I'm most definitely no one to be bowed down to, just a guy who was fortunate to be in the right places at the right times. I'm Ron to everyone and definitely NEVER Sir. Again, ask me anything about the electrical and automation aspects of either the German or British productions. I've only peripheral knowledge of the scenic projection and I MOST DEFINITELY had nothing to do with creating any of the slides themselves. For the era, having 54 projectors configured as 18 stacks of 3 rear projecting onto one large RP screen as anything from 1 large, to 18 small, images was pretty impressive and, when dissolving through slides at its maximum rate, practically capable of motion. From memory, I believe the Frankfurt production was accomplished with RP lenses that were standard products but I believe the producers had Zeiss create 54 custom short throw lenses with keystone correction to work within the even tighter throw distances of the London production in your Shaftesbury. I met a lot of really skilled British stage hands doing "Tommy". One thing I still remember that surprised me when we got to England: In North America we're used to having 3 phase stage dimmer racks housing dimmers of all three phases within a single rack. I was totally surprised to find the Shaftesbury's dimmers were segregated by phase with one rack / phase powering all FOH circuits, another supplying all stage floor level circuits and the last rack supplying all flown circuits with the goal being to minimize the possibilities of phase to phase shocks. When we showed up wanting dimmers of all three phases in each of our six, automated, floor tracks the British production electrician was taken totally aback. He also wasn't familiar with the concept of using dual redundant incandescent dummy loads on dimmers driving transformer coupled loads and / neon. Basically London was an excellent experience after dealing with TUV for Frankfurt.
Sorry! I blather too much. Ask me anything about any of the electrical and automation aspects of either production. Our automation software was controlling 24 axis of accurately position-able AC servo drives along with the two rotating propellers and the house curtain drive.
Toodleoo!
Ron Hebbard.


----------



## Pete W (Nov 17, 2016)

Dear Ron,

Your last post reminded me of an issue I haven't been able to solve, not sure if they are connected?
I found and AVL coyote for sale in Italy in eBay. In the photo noticed that the Projector plugs had a small box attached and the 12 in adator I need to connect to my ancient Kodak s-av 2050 projectors. I bought it and all is good, however now I'd like to get another from the States and they on come with the standard US smaller (7pin) Ektapro connectors. My question is, what do you think that box does on the connector of the one I have and would I have issues converting US coyotes without the mystery box?
Spotted a reference to these 'adaptors' in the user guide (see attached image)
What do you reckon and thanks for your thoughts!


----------



## RonHebbard (Nov 17, 2016)

Well Pete, the short answer is: I don't know.
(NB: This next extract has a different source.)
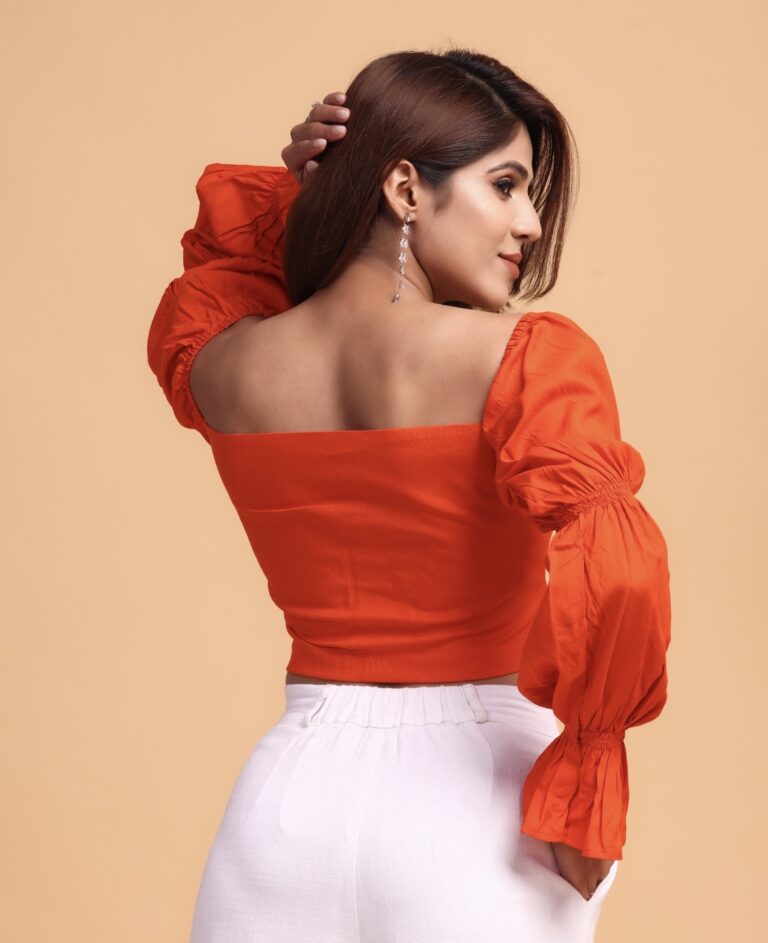 BOSSY TOP Cute top with a beautiful sweetheart neckline which comes with bell sleeves with elastic gathered detailing. Cut from our Sustainable cotton fabric the crop top carries a very feminine feel, suitable for both party and official meets.

Thinking about it: Is the box only required to house the connector, cover otherwise exposed live contacts and provide a strain relief? The reason AVL wants all three projectors and the Coyote all powered from the same source is because the power for each projector's lamp is sourced via the respective projector's power cord. When the projector's power switch is in a position where the projector's fan / drive motor is running but its lamp is off, power is sent from the projector's power cord, through the dissolve connector, controlled by electronics within the Coyote then routed back to the projector's lamp via the dissolve connector. The neutral and ground / earth connections for each projector's lamp are directly from the specific projector's power cord and are not routed out to the Coyote. The Coyote develops its frequency and phase angle reference from its own power cord hence all of the power cords need to come from the same source to maintain relative timing accuracy. My memory may be playing tricks on me but I'm recalling the Buhl Hi-Lites as each using up to 1200 Watt lamps operating, in North America, from 120 volts and thus consuming approximately 10 Amps each. When you consider this, you can see why AVL chose not to power all of the projector's lamps from the Coyote's mains cord. Is it possible for you to safely look inside your "mystery box", when it's not powered, and learn what it may contain in addition to simply serving as a 'back box / safe enclosure' for the connector?
With apologies for being of so little help.
Toodleoo!
Ron Hebbard.


----------



## Pete W (Nov 23, 2016)

RonHebbard said:


> Well Pete, the short answer is: I don't know. Thinking about it: Is the box only required to house the connector, cover otherwise exposed live contacts and provide a strain relief? The reason AVL wants all three projectors and the Coyote all powered from the same source is because the power for each projector's lamp is sourced via the respective projector's power cord. When the projector's power switch is in a position where the projector's fan / drive motor is running but its lamp is off, power is sent from the projector's power cord, through the dissolve connector, controlled by electronics within the Coyote then routed back to the projector's lamp via the dissolve connector. The neutral and ground / earth connections for each projector's lamp are directly from the specific projector's power cord and are not routed out to the Coyote. The Coyote develops its frequency and phase angle reference from its own power cord hence all of the power cords need to come from the same source to maintain relative timing accuracy. My memory may be playing tricks on me but I'm recalling the Buhl Hi-Lites as each using up to 1200 Watt lamps operating, in North America, from 120 volts and thus consuming approximately 10 Amps each. When you consider this, you can see why AVL chose not to power all of the projector's lamps from the Coyote's mains cord. Is it possible for you to safely look inside your "mystery box", when it's not powered, and learn what it may contain in addition to simply serving as a 'back box / safe enclosure' for the connector?
> With apologies for being of so little help.
> Toodleoo!
> Ron Hebbard.


Thanks for your thoughts Ron, had a peak, looks like it is more than just a housing for the connector, i will try and identify the components


----------



## RonHebbard (Nov 23, 2016)

Pete W said:


> Thanks for your thoughts Ron, had a peak, looks like it is more than just a housing for the connector, i will try and identify the components


Here in Canada / U.S. / North America, we'd have powered three 1200 Watt Buhl Hi-Lites from three different 15 or 20 Amp breakers on the same phase leg of a given panel and powered the Coyote from the same phase leg as well to keep the Coyote's phase angle / timing sensor in synch with the Hi-Lite's lamp power.
Toodleoo!
Ron Hebbard.


----------